▸ ABOUT THIS TASK
Repeat exactly the line with "胡散臭い通販商品みたいなあだ名 | 『絶対に幸福をもたらす水素水…その名も「すぁぱん」』 |" and each line after it to the end of the data below; pictures stay out.

▸ GIVEN DATA
---

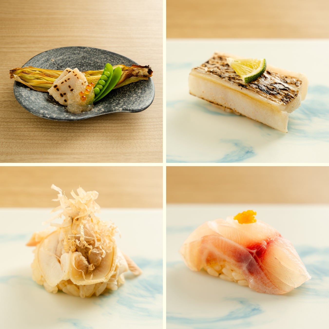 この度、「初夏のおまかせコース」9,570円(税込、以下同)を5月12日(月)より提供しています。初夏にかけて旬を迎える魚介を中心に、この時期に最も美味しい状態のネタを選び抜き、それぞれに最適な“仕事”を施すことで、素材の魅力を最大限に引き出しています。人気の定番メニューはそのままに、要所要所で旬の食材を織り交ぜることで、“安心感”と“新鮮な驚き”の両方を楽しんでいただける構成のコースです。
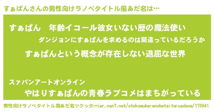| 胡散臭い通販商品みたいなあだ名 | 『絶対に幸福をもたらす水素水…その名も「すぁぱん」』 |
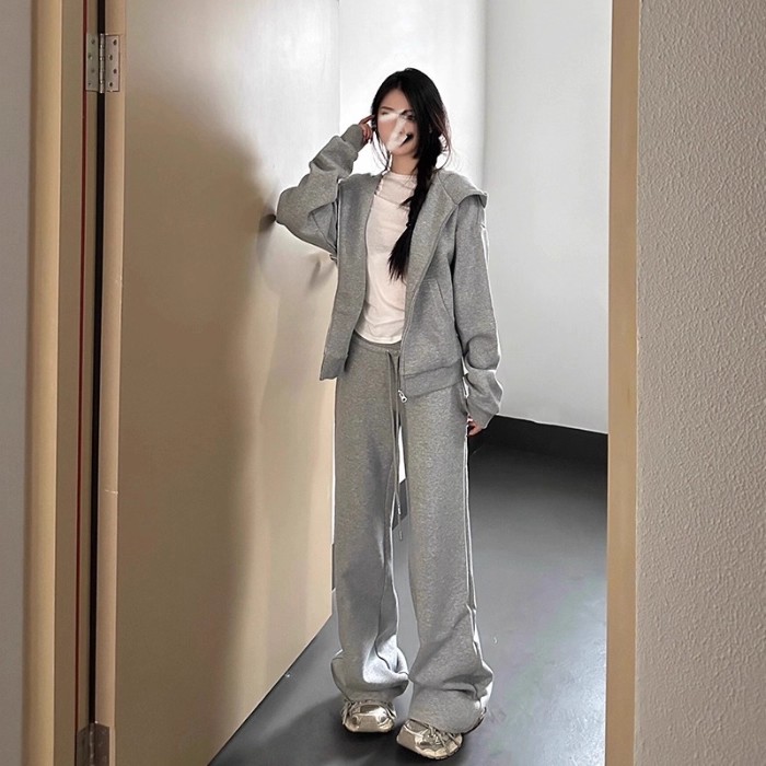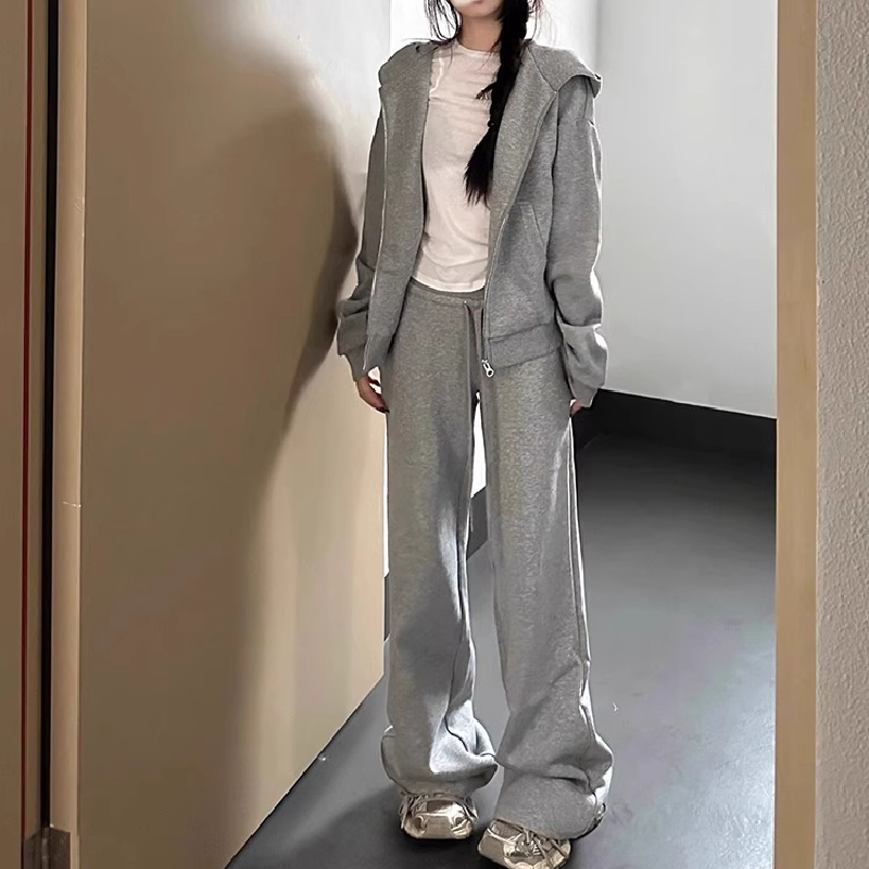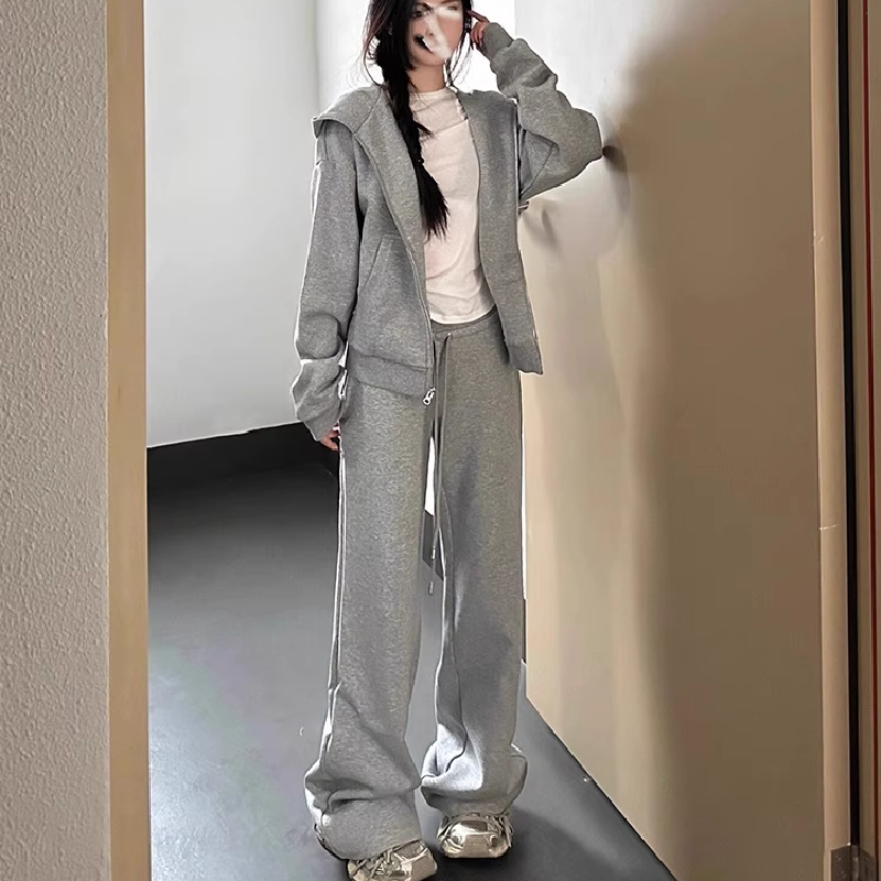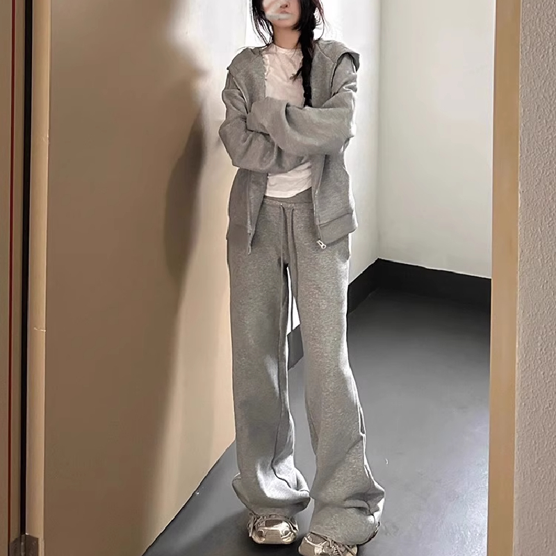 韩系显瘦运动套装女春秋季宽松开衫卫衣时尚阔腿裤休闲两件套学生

---

▸ FINISHED TASK
| 胡散臭い通販商品みたいなあだ名 | 『絶対に幸福をもたらす水素水…その名も「すぁぱん」』 |
 韩系显瘦运动套装女春秋季宽松开衫卫衣时尚阔腿裤休闲两件套学生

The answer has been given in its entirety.